◆ Data for this exercise:
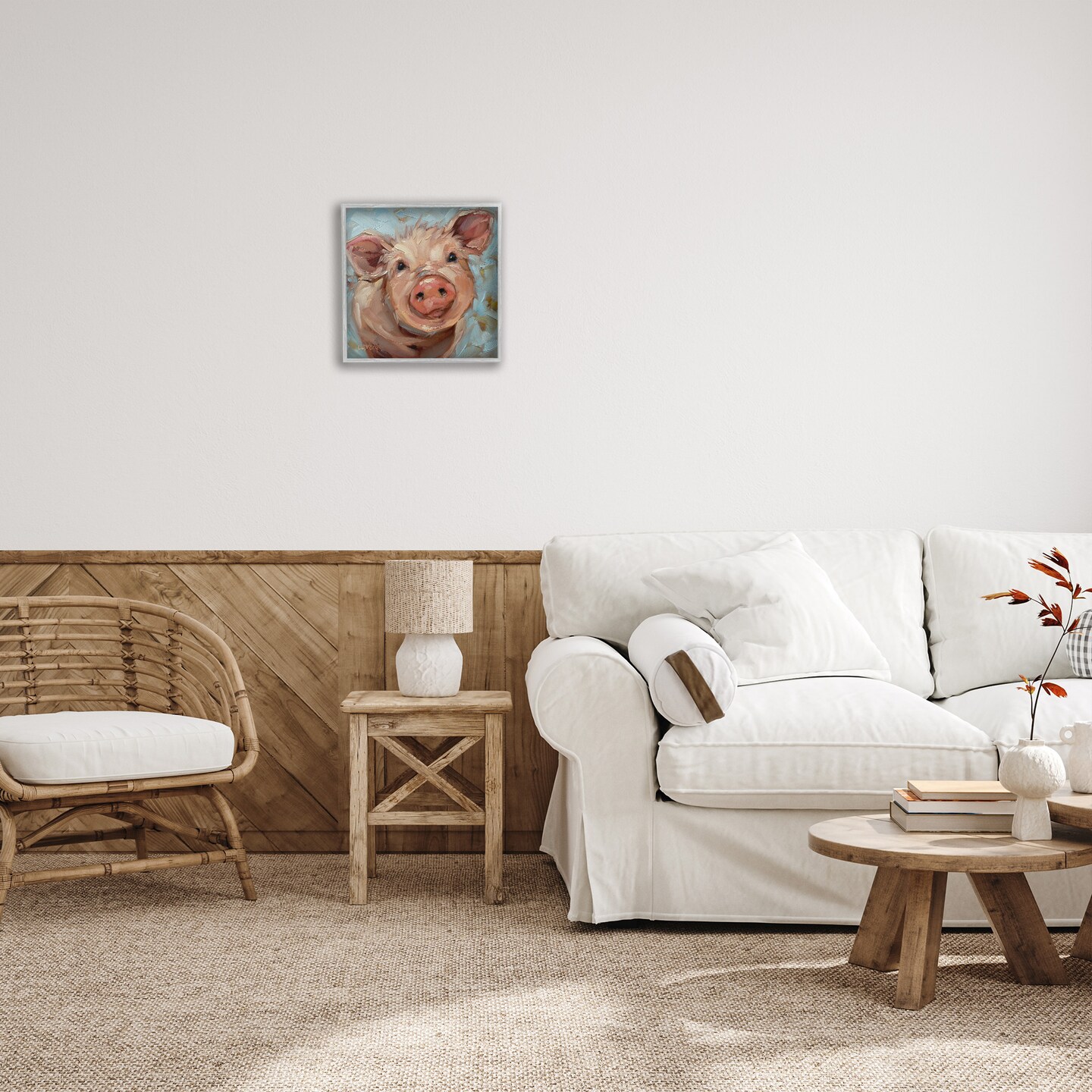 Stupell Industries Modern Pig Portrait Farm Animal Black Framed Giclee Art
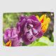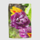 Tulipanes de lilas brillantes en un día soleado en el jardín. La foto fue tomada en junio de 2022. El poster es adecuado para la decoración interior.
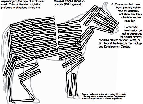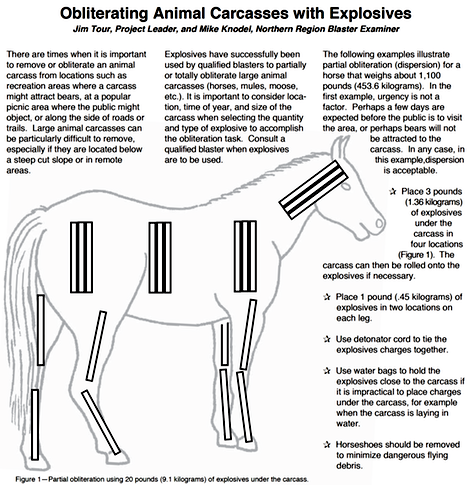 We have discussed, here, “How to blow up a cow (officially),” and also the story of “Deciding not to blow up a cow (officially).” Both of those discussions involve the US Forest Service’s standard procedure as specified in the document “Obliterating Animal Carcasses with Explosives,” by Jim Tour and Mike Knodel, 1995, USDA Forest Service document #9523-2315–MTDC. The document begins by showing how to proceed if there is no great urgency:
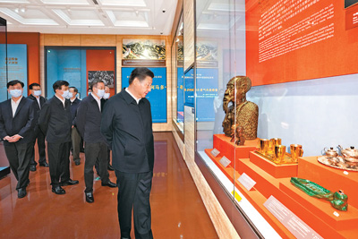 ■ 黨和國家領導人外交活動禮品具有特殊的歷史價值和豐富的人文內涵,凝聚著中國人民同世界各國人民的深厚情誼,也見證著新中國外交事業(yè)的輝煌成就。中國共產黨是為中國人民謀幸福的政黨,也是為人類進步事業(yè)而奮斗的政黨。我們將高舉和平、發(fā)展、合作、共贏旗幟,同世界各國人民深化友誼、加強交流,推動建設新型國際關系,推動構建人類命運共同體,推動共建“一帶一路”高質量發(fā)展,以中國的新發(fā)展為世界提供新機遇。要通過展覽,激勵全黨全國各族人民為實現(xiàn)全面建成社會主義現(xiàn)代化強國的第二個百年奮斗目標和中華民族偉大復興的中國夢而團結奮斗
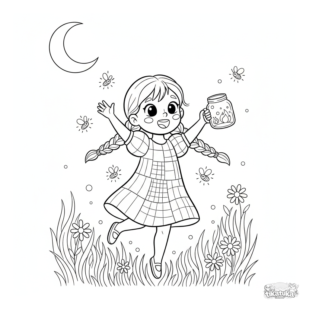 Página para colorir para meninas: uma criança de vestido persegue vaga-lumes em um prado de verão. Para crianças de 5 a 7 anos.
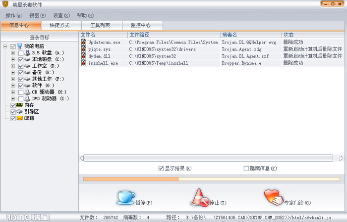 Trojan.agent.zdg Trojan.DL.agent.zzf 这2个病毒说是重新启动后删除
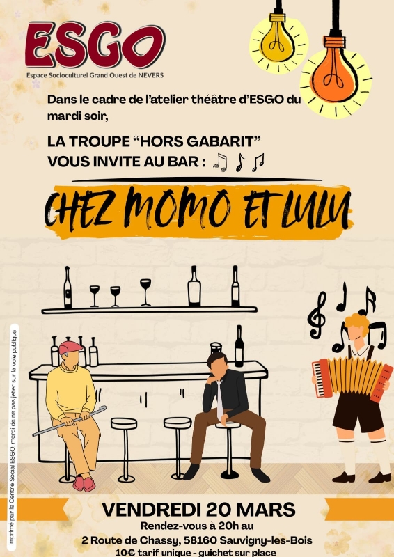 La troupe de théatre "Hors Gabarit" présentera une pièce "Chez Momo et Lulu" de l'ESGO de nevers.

◆ Your goal: Set down the records above word for word, from the first line through the line containing "Tulipanes de lilas", both included; leave out the pictures.

◆ Answer box:
 Stupell Industries Modern Pig Portrait Farm Animal Black Framed Giclee Art
 Tulipanes de lilas brillantes en un día soleado en el jardín. La foto fue tomada en junio de 2022. El poster es adecuado para la decoración interior.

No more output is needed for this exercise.